July 14, 2020
Hypercalcaemia Minimize


The albumin bound fraction of calcium accounts for approximately half plasma calcium and this proportion is physiologically inactive. Ideally, ionised calcium should be measured but techniques for this are not suitable for routine use. An adjustment for the effect of abnormal concentrations of albumin is therefore made to help interpret total plasma calcium estimations. The precise formula for calcium adjustment will depend on laboratory methods and should be derived locally.

The commonest cause of hypercalcaemia in the community is a parathyroid adenoma although in hospital practice it is now excess therapeutic vitamin D (or vitamin D derivatives) and malignancy. It is important to note that 10-15% of cases of  hypercalcaemia due to malignancy have associated hyperparathyroidism. This subgroup should be identified as these individuals have considerably longer rates of survival than those with purely malignancy associated hypercalcaemia.

Effect of drug therapies

Many patients with hypercalcaemia will be dehydrated on presentation and should be adequately rehydrated. Samples for PTH etc MUST be taken before any other active therapies. This is essential as  bisphosphonates cause a rapid increase in PTH as a consequence of the fall in calcium, even before the plasma calcium has fallen into the reference range.
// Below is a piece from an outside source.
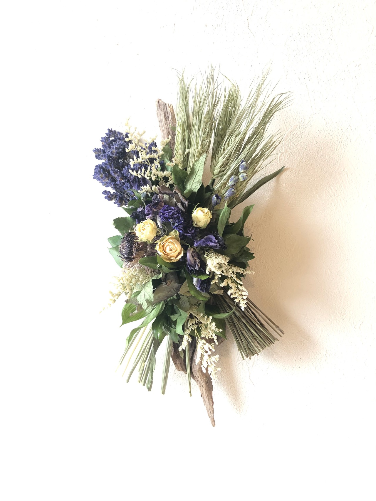 ラベンダーと麦をたっぷりと使った、爽やかな色合いの流木アレンジ。

The hypercalcaemia of vitamin D intoxication may last for many weeks after cessation of vitamin D intake since 25OH vitamin D has a long elimination half life (10-20 days).

Hypercalcaemia revealed by thiazide diuretics may be due to volume contraction with an increase in calcium binding proteins but is also due to increased renal tubular absorption of calcium. Thiazides may unmask patients with early hyperparathyroidism or vitamin D excess.
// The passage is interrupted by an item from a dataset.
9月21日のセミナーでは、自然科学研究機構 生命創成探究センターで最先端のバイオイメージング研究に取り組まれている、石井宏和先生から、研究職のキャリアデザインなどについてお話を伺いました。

Familial hypocalciuric hypercalcaemia

FHH is an inherited condition in which the plasma calcium is "set" at a high value. Affected individuals do not suffer from any of the complications of hypercalcaemia and parathyroidectomy has no effect on the plasma calcium. The diagnosis can be made by measuring urine calcium excretion which is lower than would be expected in the hypercalcaemia of hyperparathyroidism. PTH is often marginally raised in FHH despite mild hypercalcaemia and it is important that FHH is considered in the differential diagnosis.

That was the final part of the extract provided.